Classic motorcycles to roll in for talk show, future exhibit at Ohr
Does the thought of a revving motorcycle get your motor running, pulling you to head out on the highway?
For decades, the allure of the motorcycle has spoken to generations of asphalt adventure seekers. Today's bikes are two-wheeled palaces compared with their ancestors, but through the years, the lines and designs of motorcycles have been as attractive as the call of the road.
From noon to 1 p.m. Friday, Ohr-O'Keefe Museum of Art Executive Director Kevin O'Brien will present "The Art of the Motorcycle," a program on the motorcycle as a cultural icon that continually changes with the times. Registration for $10 includes lunch and admission to the museum gallery. Register online at georgeohr.org or call 374-5547.
The program is part of Community Café at the Ohr, a monthly lecture series.
On Nov. 15, the Mobile Bay Vintage Motorcycle Club and the Crescent City Vintage Motorcycle Club will present the Gulf Coast Vintage Motorcycle Show on the Ohr's Museum Plaza. Registration will be 11 a.m. to 1:15 p.m., with awards (first three places in each class plus a best of show) presented at 3 p.m.
The show is free to spectators. About 40 to 60 bikes from the 1930s to 1960s are expected to be part of the show.
Motorcycle owners' entrance fee for the show will be $10 per bike. Categories are Vintage American over 350cc, Vintage American 350cc or less, Vintage Japanese over 305cc, Vintage Japanese 305cc or less, Vintage European 1977 or newer, Vintage European 1976 or older, vintage British, Vintage Scooter, Unrestored Original, Café Racer (any age), Competition (any age) and Custom (any age).
The talk and the show are precursors to an Ohr exhibit planned for November 2016 through May 2017, in which motorcycles from the early 1900s to about 1960 will be on display in the museum's galleries.
"My talk will take on the premise 'Why would an art museum do motorcycles?'" he said. "It looks at motorcycles as an art form. They are a thing of beauty."
He noted the Guggeinheim Museum in New York "did this years ago, and there was an uproar. The director said this is engineering and art combined," O'Brien said. "Some look at them as fine antique jewelry."

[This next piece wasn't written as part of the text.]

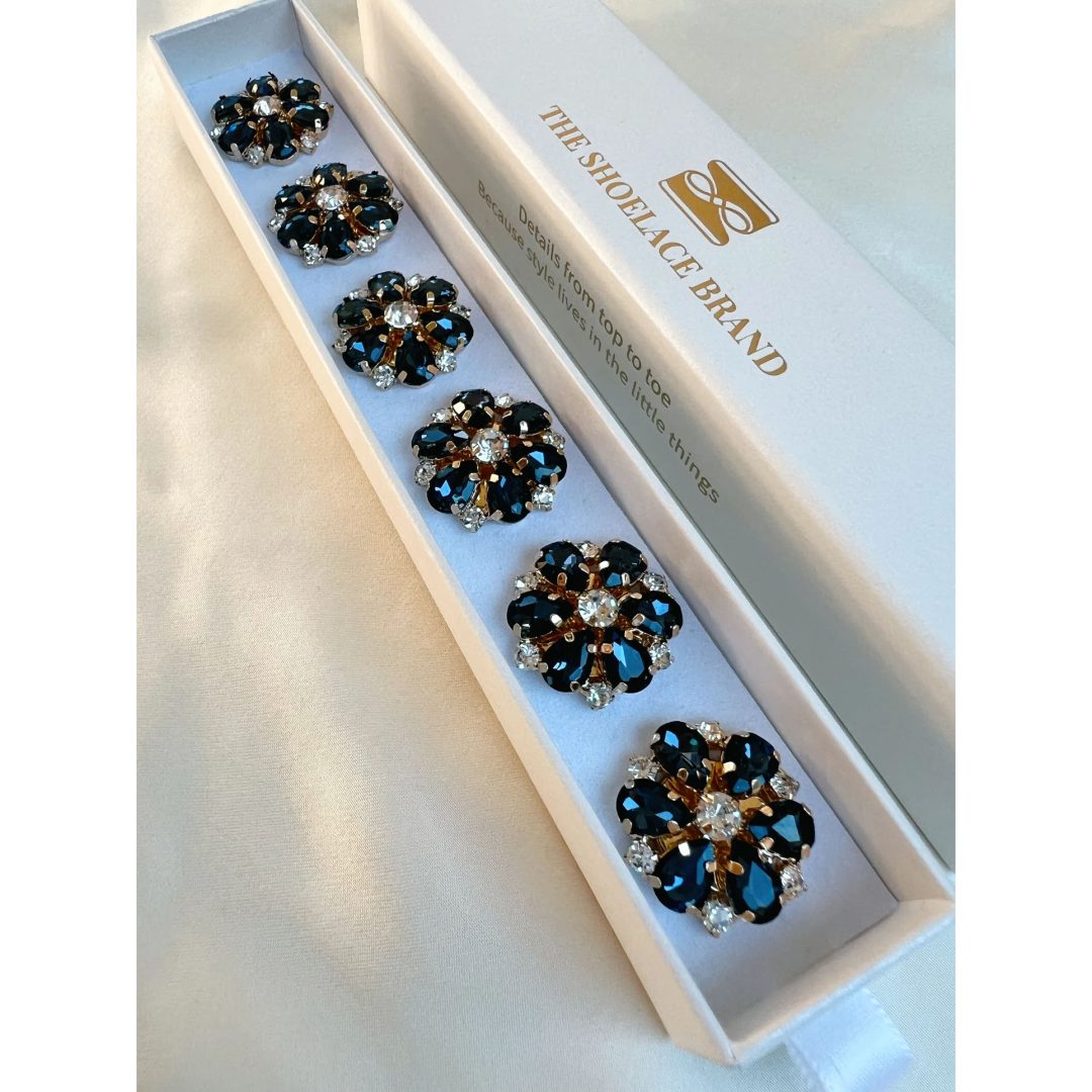 Isabelle Navy & White Flower Buttom Charm Gold 1-p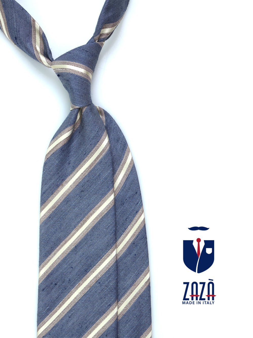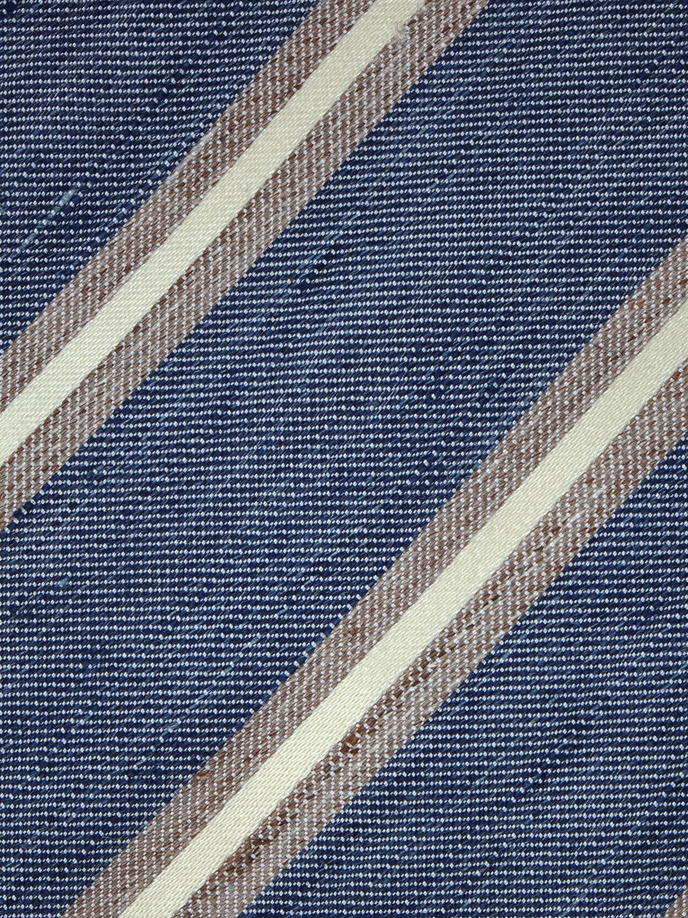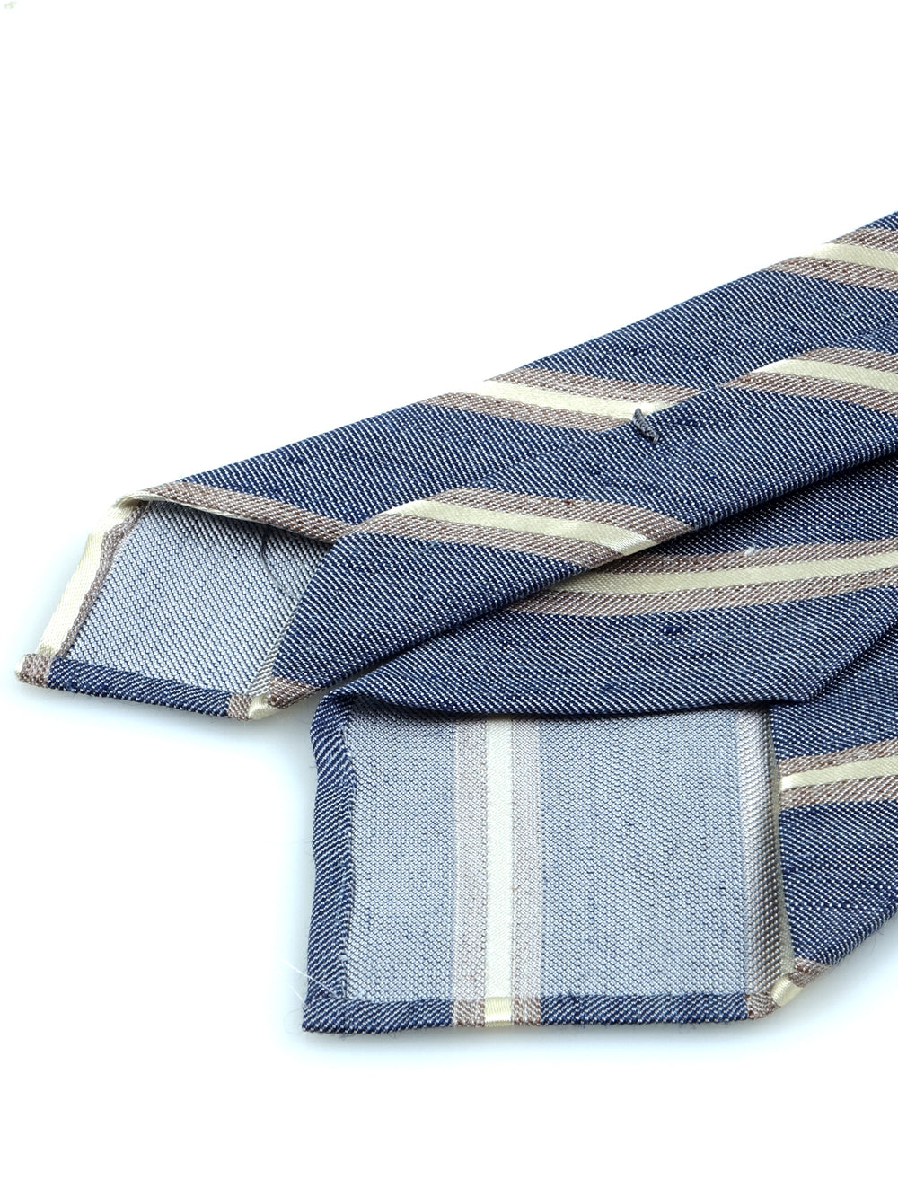 Cravatta 3 pieghe sfoderata in lino e seta blu con righe regimental marroni e beige

An interesting aside: "The Art of the Motorcycle," also the name of the Guggeinheim's 1998 exhibit, was shown in a display designed by Frank Gehry (the Ohr's designer) in the New York museum designed by Frank Lloyd Wright.
Early motorcycles could best be described as bicycles with gas tanks.
"When cars were first being built, any transportation was considered good," he said. "But as cars became more accessible and better, motorcycles were not looked at as a particularly good mode of transportation. They were considered more for enthusiasts."
There was little to no shock absorbency for rutted or gravel early roads.
"With bikes from the '20s and earlier, you really had to know what you were doing," O'Brien said.
O'Brien appreciates the beauty of motorcycles.
"I love British sports cars, and I always wanted to do an exhibit of them in a museum, but there's a problem," he said with a smile. "You can't fit them in the doors. So I checked out vintage motorcycles, and I fell in love with the way they look."
He's had some experience with the bikes.
"I have driven them a few times and crashed twice. I just like looking at them," he said.
There is a George Ohr connection to motorcycles.
"Ohr himself was a motorcycle guy," O'Brien said. "He rode a Thor, which would have been from the 1908 to 1914 period, so we're looking for a Thor motorcycle."